Cohere Documentation

The most common way to access Cohere’s large language models (LLMs) is through the Cohere platform, which is fully managed by Cohere and accessible through an API.

But that’s not the only way to access Cohere’s models. In an enterprise setting, organizations might require more control over where and how the models are hosted.

Specifically, Cohere offers four types of deployment options.

Cohere Platform
Cloud AI Services
Private Deployments - Cloud
Private Deployments - On-Premises

Cohere platform

This is the fastest and easiest way to start using Cohere’s models. The models are hosted on Cohere infrastructure and available on our public SaaS platform (which provides an API data opt-out), which is fully managed by Cohere.

Cloud AI services

These managed services enable enterprises to access Cohere’s models on cloud AI services. In this scenario, Cohere’s models are hosted on the cloud provider’s infrastructure. Cohere is cloud-agnostic, meaning you can deploy our models through any cloud provider.

AWS

Developers can access a range of Cohere’s language models in a private environment via Amazon’s AWS Cloud platform. Cohere’s models are supported on two Amazon services: Amazon Bedrock and Amazon SageMaker.

Amazon Bedrock

Amazon Bedrock is a fully managed service where foundational models from Cohere are made available through a single, serverless API. Read about Bedrock here.

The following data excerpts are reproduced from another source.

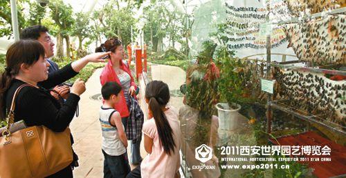 圖為游客在世園會自然館觀看蝴蝶孵化過程。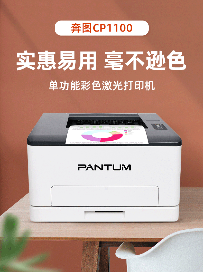 奔圖(PANTUM)CP1100 A4彩色激光單功能家用打印機 家庭作業(yè)照片小型打印機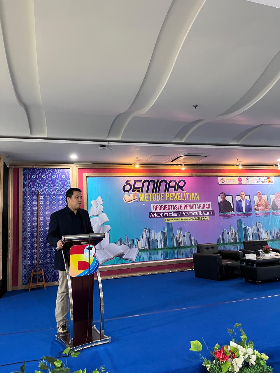 Acara dibuka secara resmi oleh Wakil Rektor Bidang Riset, Inovasi, dan Teknologi Universitas Bina Darma Prof Dr.Edi Surya Negara,M.Kom, Dalam sambutannya, beliau memberikan apresiasi tinggi atas terselenggaranya kegiatan ini “Penelitian adalah aspek penting perguruan tinggi, Seminar ini menjadi ruang penting untuk memperbarui cara pandang kita dalam riset, sehingga penelitian yang lahir tidak hanya akademis, tetapi juga bermanfaat bagi masyarakat,” ujarnya.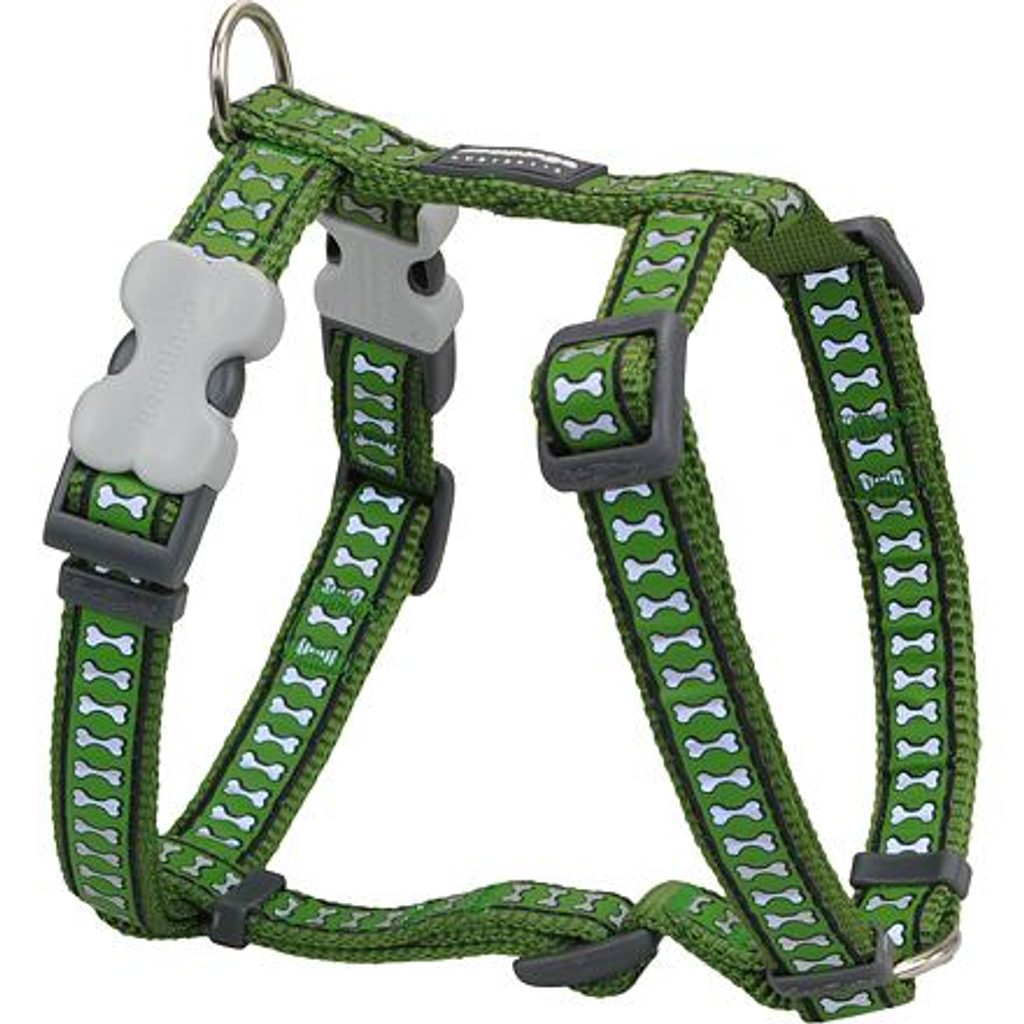 Postroj Red Dingo pro psy s obvodem hrudníku 30 - 44 cm. Šířka popruhu 12 mm. Vzor reflexní Lots a Bones. Barva tyrkysová. Velikost postroje: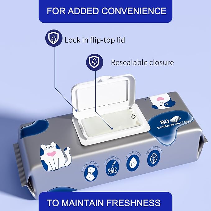 - 【Intimate Packaging Design】:Cat cleaning wipes secure lid helps keep puppy wipes fresh and moist, still lock in moisture, keeps dog cleaning wipes moist and ready whenever you need them. Allowing you to clean your pet at any time, whether at home, on the go, or on outdoor adventures.

View Cohere’s models on Amazon Bedrock.

Amazon SageMaker

Amazon SageMaker is a service that allows customers to prepare data and build, train, and deploy machine learning (ML) models for any use case with fully managed infrastructure, tools, and workflows. Read about SageMaker here.

Cohere offers a comprehensive suite of generative and embedding models through SageMaker on a range of hardware options, many of which support finetuning for deeper customization and performance.

View Cohere’s model listing on the AWS Marketplace.

Azure AI Foundry

Azure AI Foundry is a platform that is designed for developers to build generative AI applications on an enterprise-grade platform. Developers can explore a wide range of models, services, and capabilities to build AI applications that meet their specific goals.

View Cohere’s models on Azure AI Foundry.

OCI Generative AI Service

Oracle Cloud Infrastructure Generative AI is a fully managed service that enables you to use Cohere’s generative and embedding models through an API.

Private deployments

Cloud (VPC)

Private deployments (cloud) allow enterprises to deploy the Cohere stack privately on cloud platforms. With AWS, Cohere’s models can be deployed in an enterprise’s AWS Cloud environment via their own VPC (EC2, EKS). Compared to managed cloud services, VPC deployments provide tighter control and compliance. No egress is another common reason for going with VPCs. Overall, the VPC option has a higher management burden but offers more flexibility.

On-premises

Private deployments on-premises (on-prem) allow enterprises to deploy the Cohere stack privately on their own compute. This includes air-gapped environments where systems are physically isolated from unsecured networks, providing maximum security for sensitive workloads.